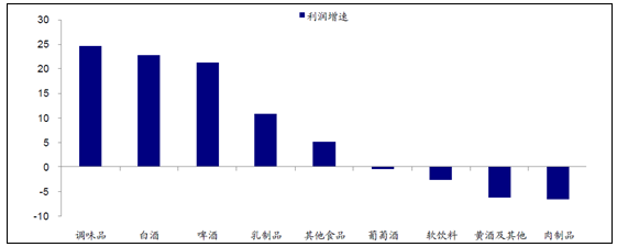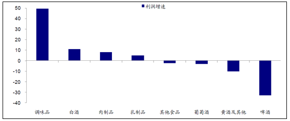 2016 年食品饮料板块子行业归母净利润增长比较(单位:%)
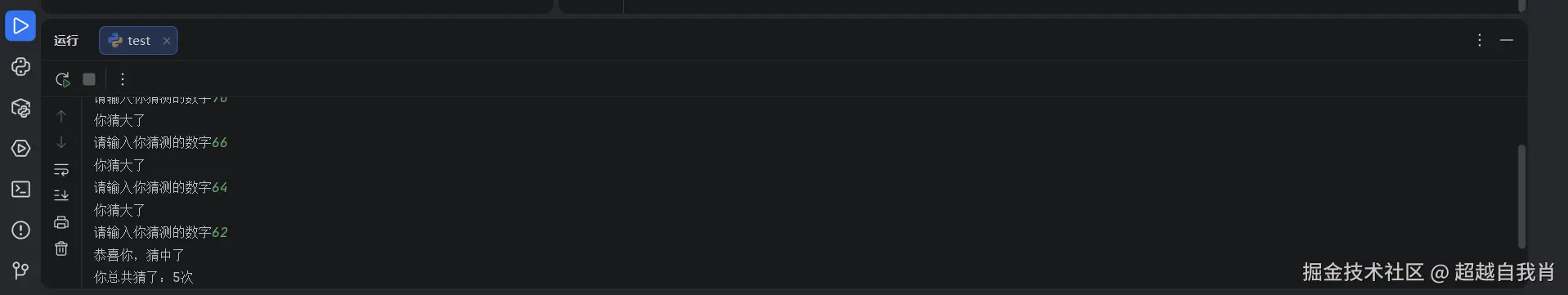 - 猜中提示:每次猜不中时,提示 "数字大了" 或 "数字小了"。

- - -

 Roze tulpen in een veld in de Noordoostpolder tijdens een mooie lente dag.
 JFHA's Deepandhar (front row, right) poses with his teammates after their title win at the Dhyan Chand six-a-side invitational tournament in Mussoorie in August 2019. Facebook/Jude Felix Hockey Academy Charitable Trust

- - -

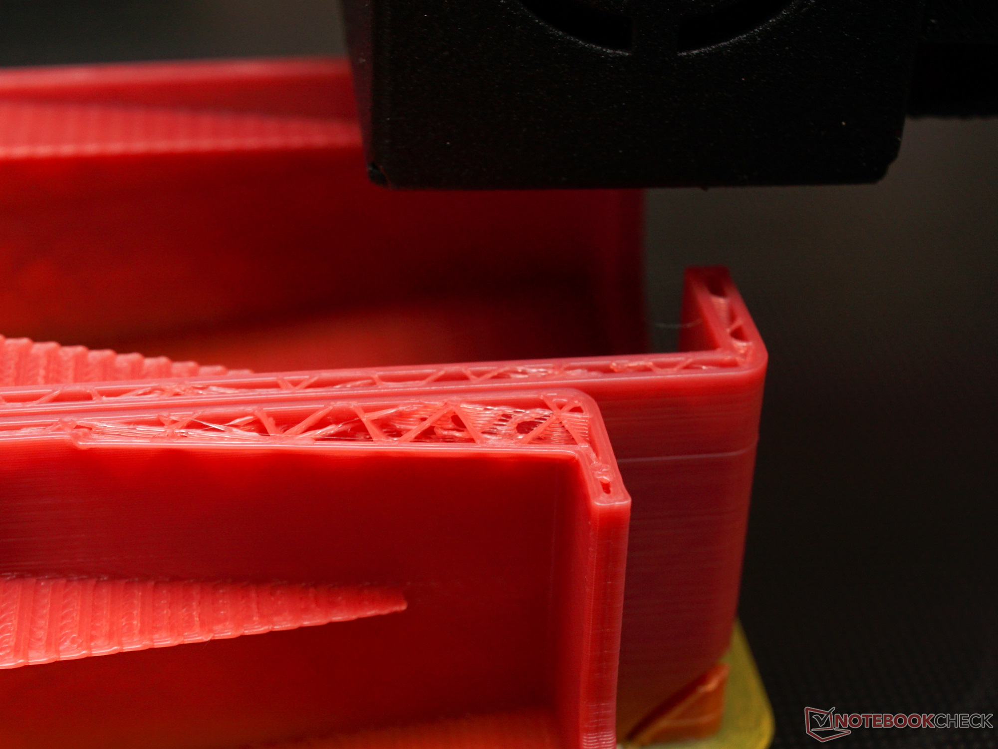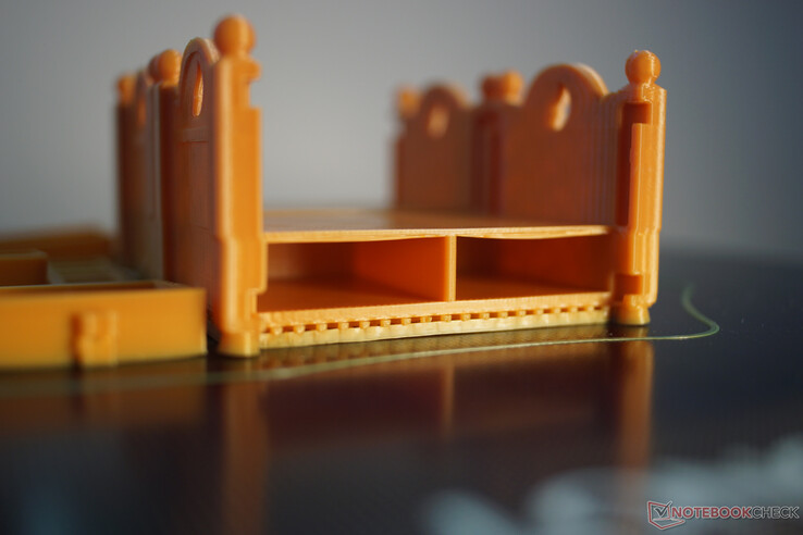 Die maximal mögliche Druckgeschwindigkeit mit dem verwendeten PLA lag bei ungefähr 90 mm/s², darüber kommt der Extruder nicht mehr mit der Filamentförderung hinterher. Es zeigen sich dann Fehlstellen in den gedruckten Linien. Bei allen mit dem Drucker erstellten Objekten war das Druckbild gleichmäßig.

- - -

What you have to do:
In the listing above, transcribe exactly everything from the line containing "Roze tulpen in" down to the line containing "JFHA's Deepandhar (front", including both and nothing more.

Task result:
 Roze tulpen in een veld in de Noordoostpolder tijdens een mooie lente dag.
 JFHA's Deepandhar (front row, right) poses with his teammates after their title win at the Dhyan Chand six-a-side invitational tournament in Mussoorie in August 2019. Facebook/Jude Felix Hockey Academy Charitable Trust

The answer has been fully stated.